■ WHAT YOU WILL DO: Your task is to restate word for word the lines in the material below, from the one with "5月23日下午,教育学院召开" up to and including the one with "นิตยสาร The Titanic". Do not carry over the pictures.

■ EXERCISE DATA:
============================================================

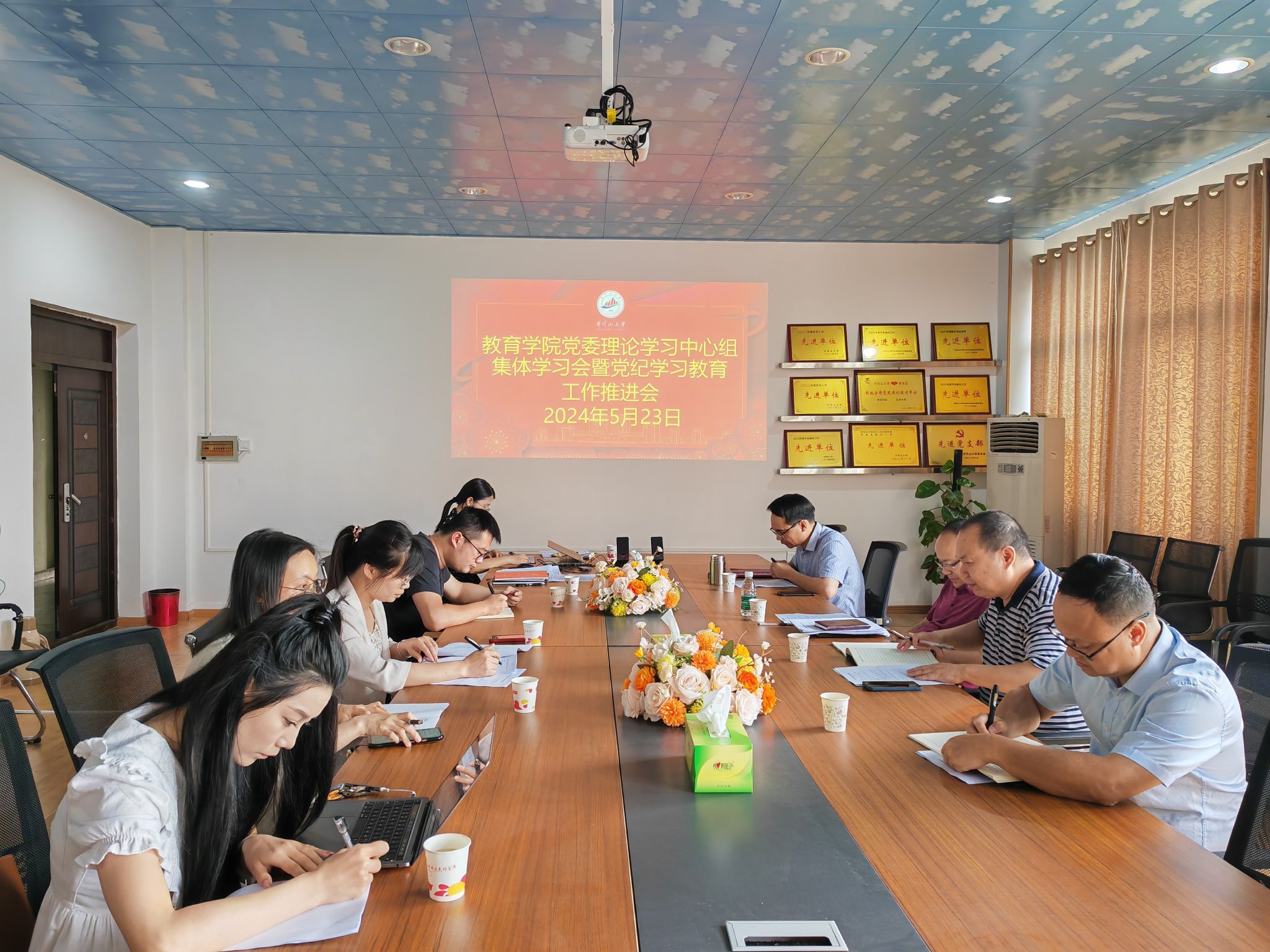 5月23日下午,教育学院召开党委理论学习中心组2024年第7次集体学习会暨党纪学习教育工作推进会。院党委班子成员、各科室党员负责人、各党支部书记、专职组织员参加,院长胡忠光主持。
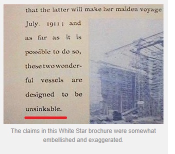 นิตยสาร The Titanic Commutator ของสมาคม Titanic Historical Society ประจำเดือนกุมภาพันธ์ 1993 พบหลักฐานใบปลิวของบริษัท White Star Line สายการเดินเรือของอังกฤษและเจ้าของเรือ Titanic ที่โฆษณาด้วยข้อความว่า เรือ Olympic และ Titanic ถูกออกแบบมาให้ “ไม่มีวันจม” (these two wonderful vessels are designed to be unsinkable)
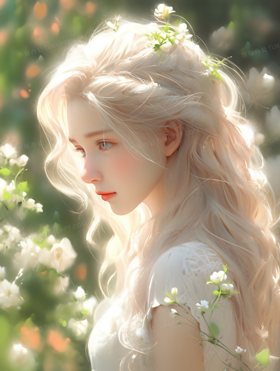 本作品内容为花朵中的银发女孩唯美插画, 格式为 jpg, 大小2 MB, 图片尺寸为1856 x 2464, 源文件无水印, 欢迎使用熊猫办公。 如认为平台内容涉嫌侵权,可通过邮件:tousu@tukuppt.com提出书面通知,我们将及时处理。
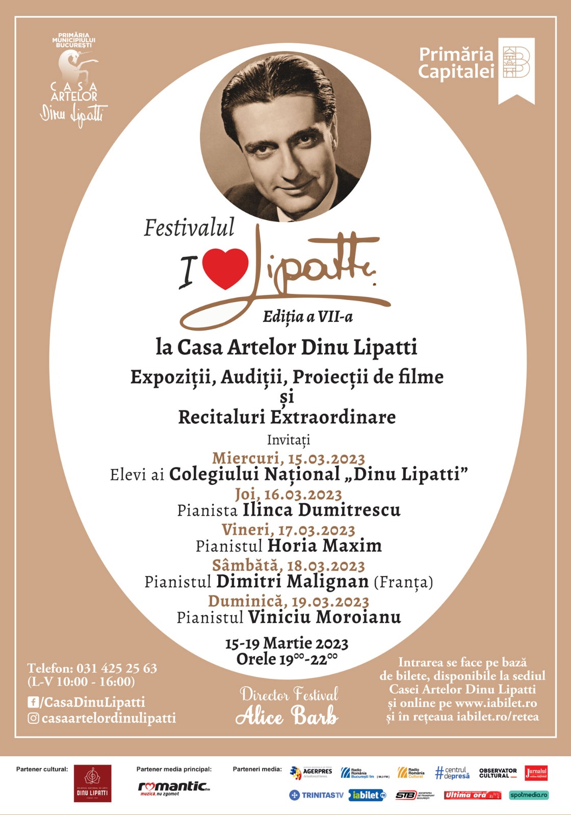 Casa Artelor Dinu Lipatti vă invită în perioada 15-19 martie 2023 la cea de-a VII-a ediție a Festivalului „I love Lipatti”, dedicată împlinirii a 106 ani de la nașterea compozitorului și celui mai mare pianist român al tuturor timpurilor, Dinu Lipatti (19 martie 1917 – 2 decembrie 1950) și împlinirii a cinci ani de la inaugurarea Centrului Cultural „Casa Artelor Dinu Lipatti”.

============================================================

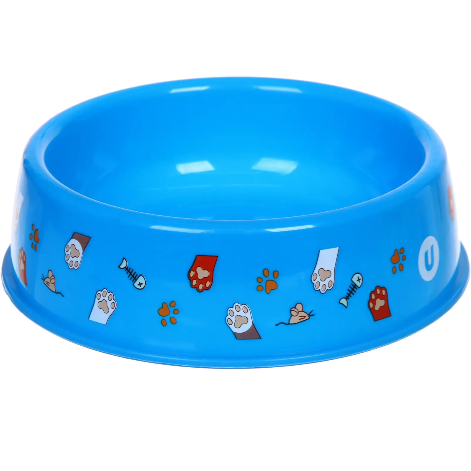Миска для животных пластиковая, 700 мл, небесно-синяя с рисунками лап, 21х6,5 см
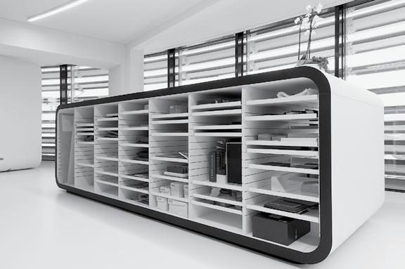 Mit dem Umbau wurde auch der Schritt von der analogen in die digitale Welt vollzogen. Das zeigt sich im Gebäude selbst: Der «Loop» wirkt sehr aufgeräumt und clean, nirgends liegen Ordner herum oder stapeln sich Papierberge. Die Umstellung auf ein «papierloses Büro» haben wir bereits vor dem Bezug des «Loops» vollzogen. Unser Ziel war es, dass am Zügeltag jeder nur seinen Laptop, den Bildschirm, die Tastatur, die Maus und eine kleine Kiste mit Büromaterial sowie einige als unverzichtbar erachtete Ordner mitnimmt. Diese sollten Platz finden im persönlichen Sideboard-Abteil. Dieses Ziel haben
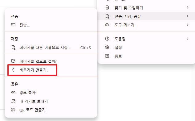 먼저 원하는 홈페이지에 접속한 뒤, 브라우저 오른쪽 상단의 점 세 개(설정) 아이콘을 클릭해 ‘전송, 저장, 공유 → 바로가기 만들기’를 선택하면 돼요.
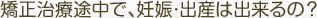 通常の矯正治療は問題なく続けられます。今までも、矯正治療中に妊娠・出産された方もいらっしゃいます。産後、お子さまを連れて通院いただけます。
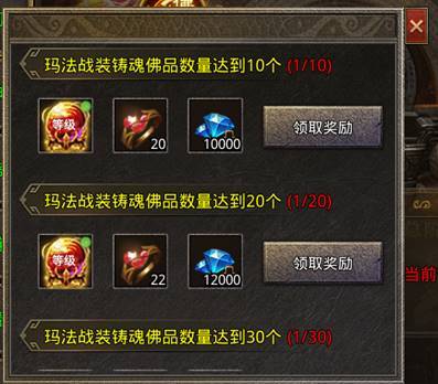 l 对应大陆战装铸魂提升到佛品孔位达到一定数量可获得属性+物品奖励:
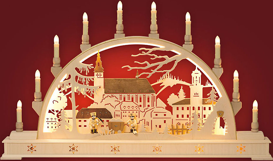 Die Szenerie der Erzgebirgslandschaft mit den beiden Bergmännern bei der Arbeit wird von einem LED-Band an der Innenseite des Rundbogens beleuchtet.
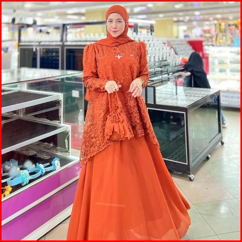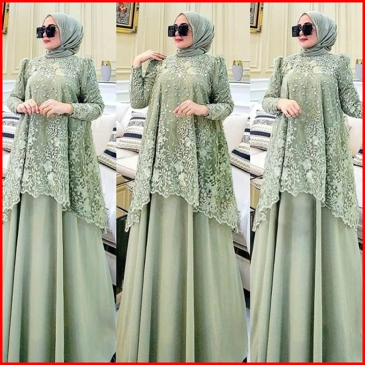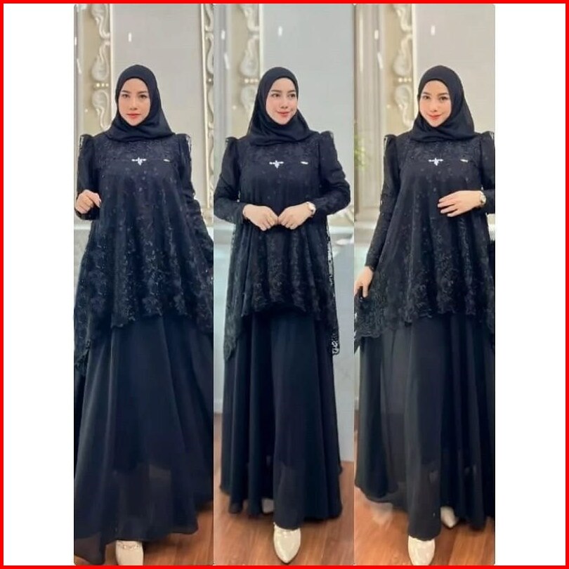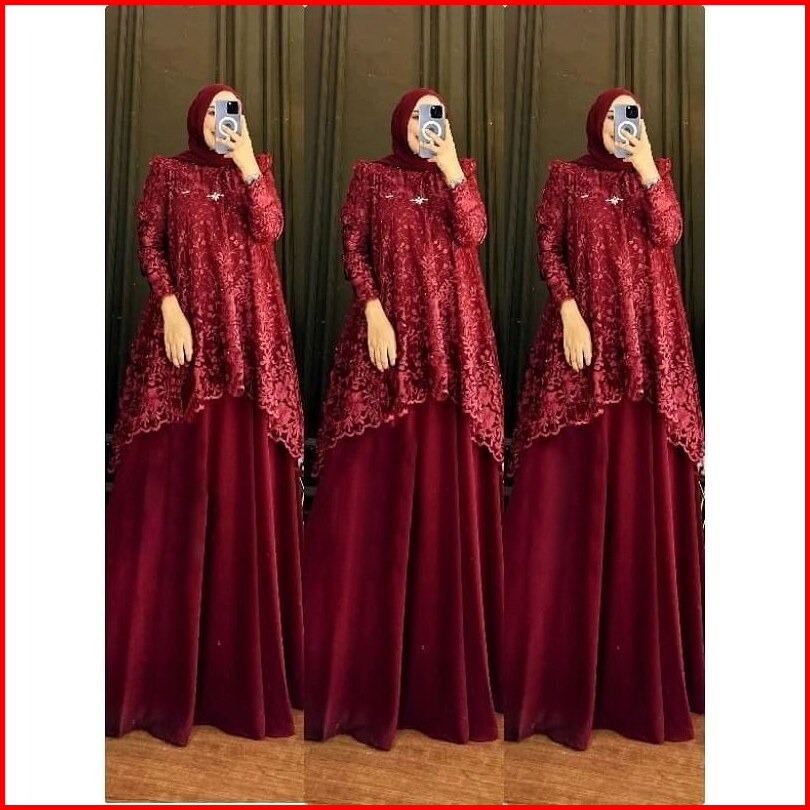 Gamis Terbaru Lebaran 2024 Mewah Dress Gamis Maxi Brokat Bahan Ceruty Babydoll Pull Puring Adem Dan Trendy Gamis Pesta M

============================================================

■ SOLUTION TO THE PROBLEM:
 5月23日下午,教育学院召开党委理论学习中心组2024年第7次集体学习会暨党纪学习教育工作推进会。院党委班子成员、各科室党员负责人、各党支部书记、专职组织员参加,院长胡忠光主持。
 นิตยสาร The Titanic Commutator ของสมาคม Titanic Historical Society ประจำเดือนกุมภาพันธ์ 1993 พบหลักฐานใบปลิวของบริษัท White Star Line สายการเดินเรือของอังกฤษและเจ้าของเรือ Titanic ที่โฆษณาด้วยข้อความว่า เรือ Olympic และ Titanic ถูกออกแบบมาให้ “ไม่มีวันจม” (these two wonderful vessels are designed to be unsinkable)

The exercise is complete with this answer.